Issues with PPO Tutorial and Custom Dictionary Observation Space

rgbarishian · October 10, 2024, 3:13am

I am learning how to use TorchRL and am trying to implement my own environment while following the PPO Tutorial. I even used TorchRL’s own Gymnasium Conversion Examples

My new environment is defined as the following

class MyEnv(gym.Env):
    def __init__(self):
        self.observation_space = spaces.Dict(
            obs0=spaces.Box(-1, 1, (2,)),
            obs1=spaces.Box(-1, 1, (3,))
        )
        self.action_space = spaces.Box(-1, 1, (1,))

    def step(self, action):
        return self.observation_space.sample(), 1, False, False, {}

    def reset(self, **kwargs):
        return self.observation_space.sample(), {}

I then follow the PPO tutorial and change this line from

base_env = GymEnv("InvertedDoublePendulum-v4", device=device)

to

base_env = GymWrapper(MyEnv())

It seems to run fine until this line

print("Running policy:", policy_module(env.reset()))

but get this error:
"KeyError: “Some tensors that are necessary for the module call may not have been found in the input tensordict: the following inputs are None: {“observation”}.”

This makes sense because after calling env.reset(), observation is not a key.
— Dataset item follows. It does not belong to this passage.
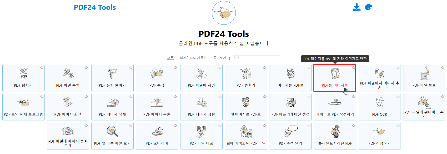 접속하면 이런 메인 화면이 나오는데 [PDF를 이미지로] 클릭해주세요.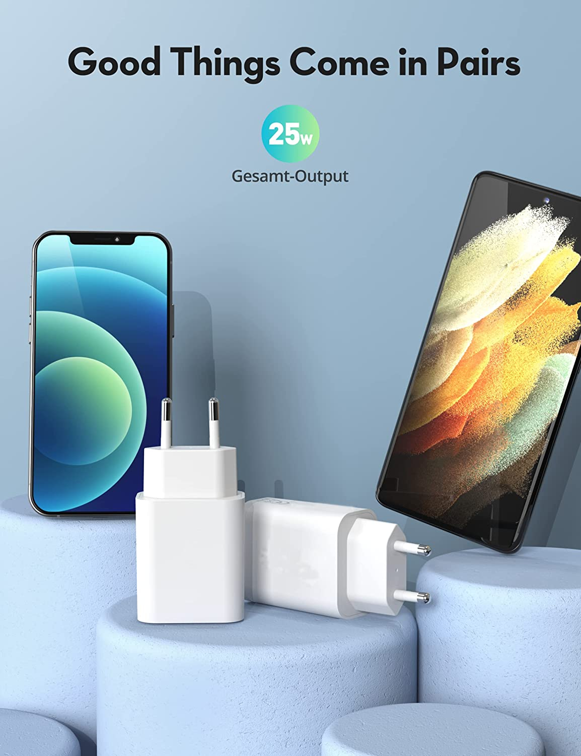 Acquista Caricabatterie USB- C rapido da 25 W [Kit da 2] a soli 17,20€

I then updated the observation space to this

 self.observation_space = spaces.Dict(
    observation(
            obs0=spaces.Box(-1, 1, (2,)),
            obs1=spaces.Box(-1, 1, (3,))
        ))

but it returns this error

...
File /home/myuser/.../site-packages/torch/nn/modules/linear.py", line 259, in itialize_parameters
    self.in_features = input.shape[-1]
IndexError: tuple index out of range

For some reason the input is still in TensorDict format. All other tutorials using gym environments show the input data as a tensor. While a tensor has a shape, the TensorDict’s shape is torch.Size().
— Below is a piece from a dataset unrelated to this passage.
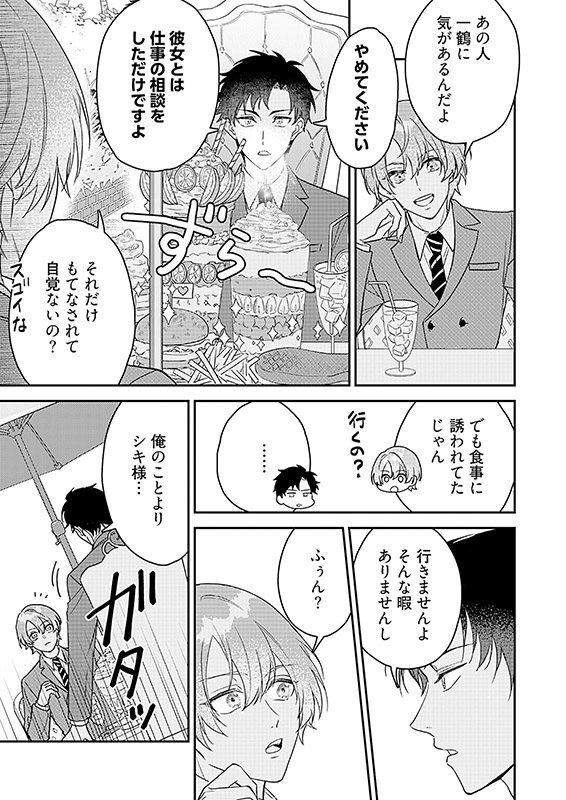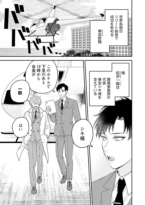 一鶴(いづる)は秘書として華宮財閥の御曹司・シキに仕えている。才気煥発で眉目秀麗なシキには、男遊びが激しいという悪癖があった。ある夜、部屋を訪れてきたシキから一鶴は体を要求されて─…!?【フィカス】

rgbarishian · October 12, 2024, 1:51am

I have solved this using the CatTensors class.

Following the PPO tutorial, I added the CatTensors transform to the Compose object.

env = TransformedEnv(
    base_env,
    Compose(
        # normalize observations
        CatTensors(in_keys=["obs0", "obs1", out_key="observation])
        ObservationNorm(in_keys=["observation"]),
        DoubleToFloat(),
        StepCounter(),
    ),
)